📒 Nobile 2016
Graphics processing units in bioinformatics, computational biology and systems biology1
- Bioinformatics, Computational Biology and Systems Biology exploit either physico-chemical or mathematical modeling, characterized by different scales of granularity, abstraction levels and goals
- All of them are computationally challenging
- high-performance computing (HPC): computer clusters and grid computing, GPU
- From the point of view of the software developer, GPU programming still remains a challenging task (GPUs are quite different from CPUs)
- Nvidia’s CUDA (Compute Unified Device Architecture) is the most used library
- C/C++ are used most.
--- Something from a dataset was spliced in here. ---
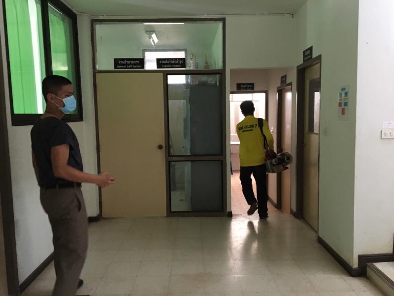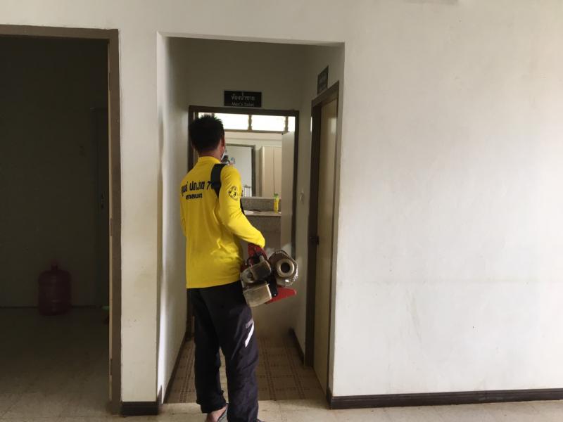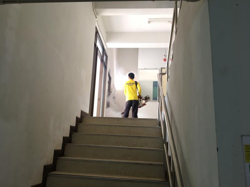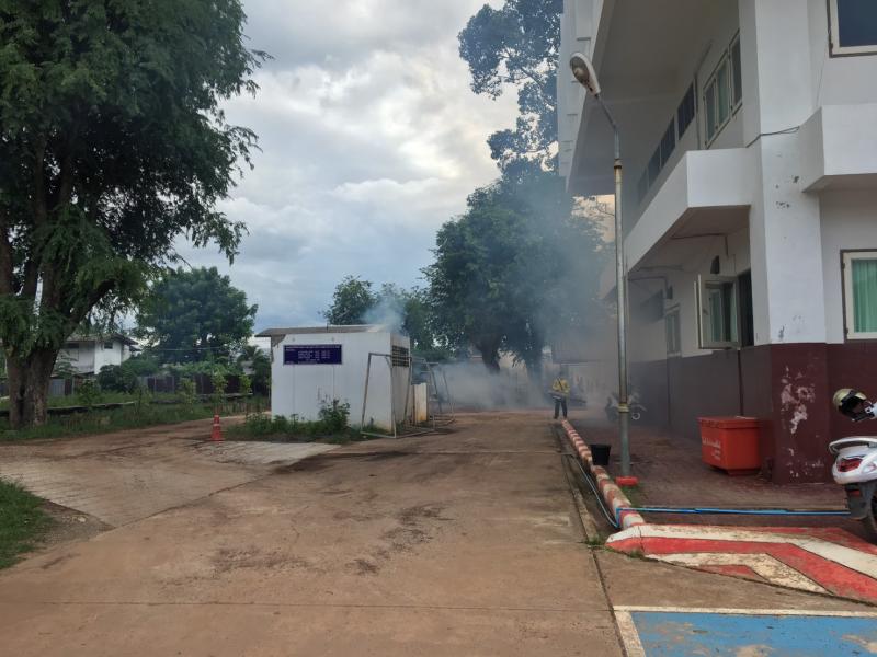 พ่นหมอกควันกำจัดยุงลายป้องกันไข้เลือดออก ณ สถานีตำรวจภูธรศรีสงคราม

Python is catching up.
- high-throughput next-generation sequencing (NGS) methods
- hash tables vs suffix/prefix trees
- Molecular dynamics is computationally challenging: the length of the time step of a simulation is generally limited to <5 fs, while the overall time of the phenomenon is, typically, in the order of ns or s.
- A CUDA implementation of generalized explicit solvent all-atom classic molecular dynamics within the AMBER package (Titan V error warning!)
- protein–protein, protein–ligand or protein–DNA complex
- major challenge concerns the sampling of the conformational space
Prediction and searching of molecular structures
Simulation of spatio-temporal dynamics
Deterministic simulation (ODE)
- Parallel simulation of biological molecular networks
- a CUDA implementation of the LSODA algorithm, named cuda-sim, was presented by Zhou et al.
- converting a SBML model into CUDA code
- Nobile et al.: cupSODA, cupSODA*L
Stochastic simulation (SDEs, SSA)
- randomness can be described either by means of Stochastic Differential Equations (SDEs) or using explicit mechanistic models e.g. stochastic simulation algorithm (SSA)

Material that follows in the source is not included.